BACKGROUND: Streptococcus salivarius K12 is an oral probiotic strain releasing two lantibiotics (salivaricin A2 and salivaricin B) that antagonize the growth of S. pyogenes, the most important bacterial cause of pharyngeal infections in humans also affected by episodes of acute otitis media. S. salivarius K12 successfully colonizes the oral cavity, and is endowed with an excellent safety profile. We tested its preventive role in reducing the incidence of both streptococcal and viral pharyngitis and/or tonsillitis in children. MATERIALS AND METHODS: We enrolled 61 children with a diagnosis of recurrent oral streptococcal disorders. Thirty-one of them were enrolled to be treated daily for 90 days with a slow-release tablet for oral use, containing no less than 1 billion colony-forming units/tablet of S. salivarius K12 (Bactoblis®), and the remaining 30 served as the untreated control group. During treatment, they were all examined for streptococcal infection. Twenty children (ten per group) were also assessed in terms of viral infection. Secondary end points in both groups were the number of days under antibiotic and antipyretic therapy and the number of days off school (children) and off work (parents). RESULTS: The 30 children who completed the 90-day trial with Bactoblis® showed a significant reduction in their episodes of streptococcal pharyngeal infection (>90%), as calculated by comparing the infection rates of the previous year. No difference was observed in the control group. The treated group showed a significant decrease in the incidence (80%) of oral viral infections.
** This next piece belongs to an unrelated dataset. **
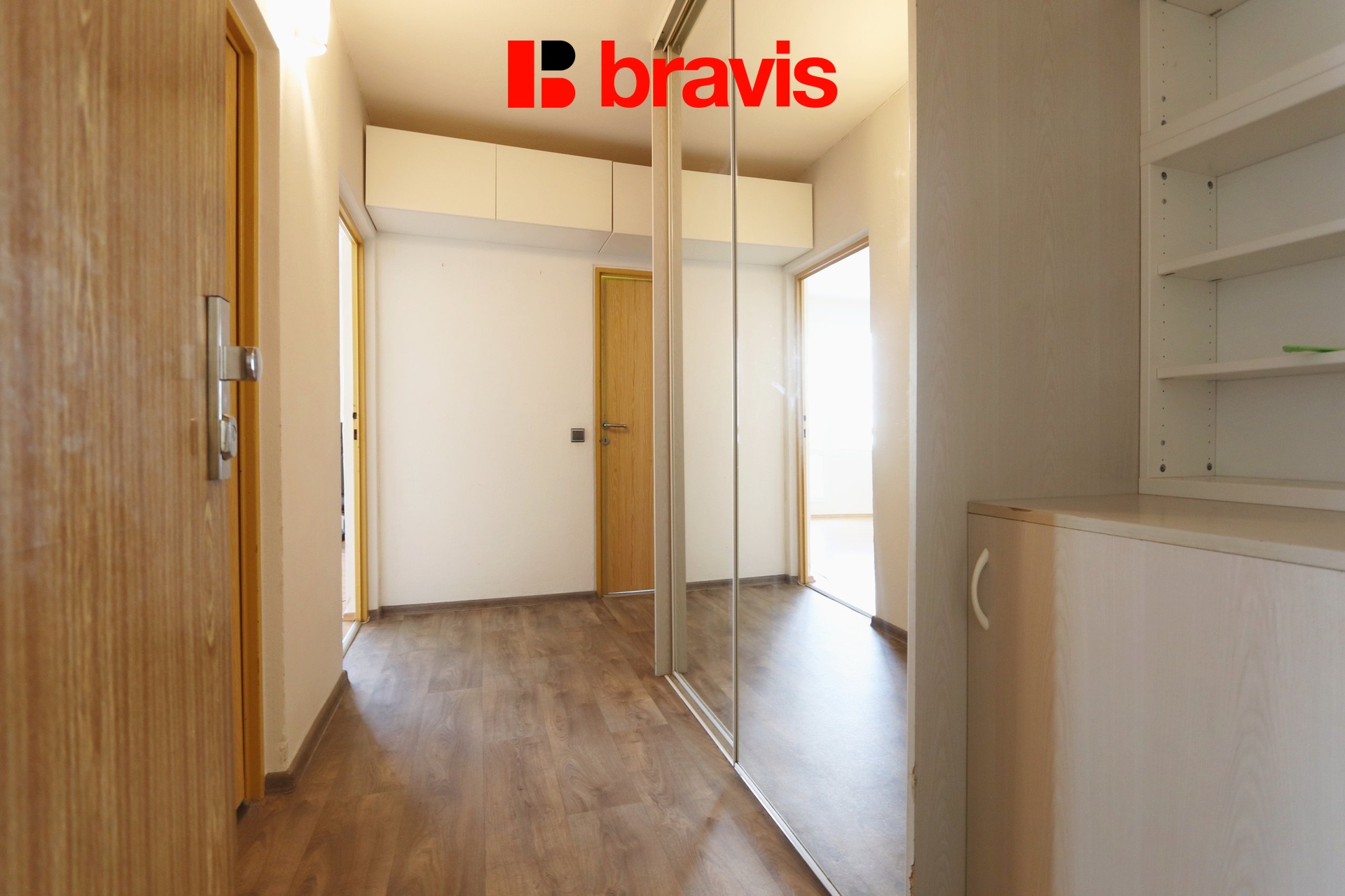 Kuchyně je vybavena kuchyňskou linkou s plynovou varnou deskou, troubou, digestoří, lednicí s mrazákem a jídelním stolem se židlemi. Prostorný obývací pokoj je nezařízený, což dává možnost si jej vybavit dle vlastních představ, a nabízí přímý vstup na balkón. V ložnici naleznete dvě velké šatní skříně, další pokoj je rovněž nezařízený. V předsíni je umístěna další praktická šatní skříň.

Again, there was no difference in the control group. With regard to secondary end points, the number of days under antibiotic treatment of the treated and control groups were 30 and 900 respectively, days under antipyretic treatment 16 and 228, days of absence from school 16 and 228, and days of absence from work 16 and 228. The product was well tolerated by the subjects, with no side effects, and only one individual reported bad product palatability and dropped out. CONCLUSION: Prophylactic administration of S. salivarius K12 to children with a history of recurrent oral streptococcal disease resulted in a considerable reduction of episodes of both streptococcal and viral infections and reduced the number of days under antibiotic and/or antipyretic therapy and days of absence from school or work.